Что-то внутри него колотилось и колотилось. Безостановочно.

– Все правильно, – ответила Мэнди. – Я уже давно знаю, что ты мой мужчина. Хочешь услышать еще историю? К слову, о женщине.

– Давай, – сказал Скриппс. – Ты не должна прерываться, Мэнди. Ты теперь моя женщина.

– Конечно, – согласилась Мэнди. – Это история о том, как Кнут Гамсун был трамвайным кондуктором в Чикаго.

– Давай, – сказал Скриппс. – Ты теперь моя женщина, Мэнди.
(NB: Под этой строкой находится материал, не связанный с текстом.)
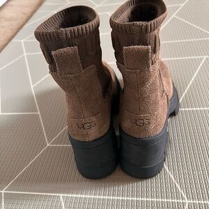 Stylish UGG ankle booties in rich brown. Features a chunky black sole. Perfect blend of comfort and fashion. Only worn a few times.

Он повторил про себя эту фразу. Моя женщина. Моя женщина. Ты моя женщина. Она моя женщина. Это моя женщина. Моя женщина. Но чего-то ему не хватало. Где-то, как-то должно было быть что-то еще. Что-то еще. Моя женщина. Теперь эти слова звучали несколько легковесно. У него в уме, как он ни пытался отгородиться от этого, снова возникла жуткая картина – та скво, тихо входящая в дверь. Ну и скво. Она не носила одежду, потому что не хотела. Такая крепкая, что и зимняя ночь ей нипочем. Что же тогда будет весной? Мэнди говорила. Мэнди в закусочной все говорит. Мэнди рассказывает свои истории. В закусочной уже поздновато. Мэнди все говорит. Она теперь его женщина. Он ее мужчина. Но так ли это? В мозгу Скриппса засела эта скво. Скво, вошедшая так запросто в закусочную. Скво, выброшенная на снег. Мэнди знай себе говорит. Рассказывает литературные россказни. Подлинные случаи. Они казались достоверными. Но разве их достаточно? Скриппс задумался. Она была его женщиной. Но надолго ли? Скриппс задумался. Мэнди в закусочной все говорит. Скриппс слушает. Но мысли его стремятся куда-то вдаль. Вдаль. Вдаль. Куда же они стремятся? На улицу, в ночь. На улицу, в ночь.

Глава шестнадцатая

В Петоски ночь. Далеко за полночь. В закусочной горит свет. Городок спит под северной луной. На север бегут пути железной дороги Гранд-Рапидс энд Индиана, далеко на север. Холодные пути тянутся на север, в сторону Макино-сити и Сент-Игнаса. Холодно идти по ним ночной порой.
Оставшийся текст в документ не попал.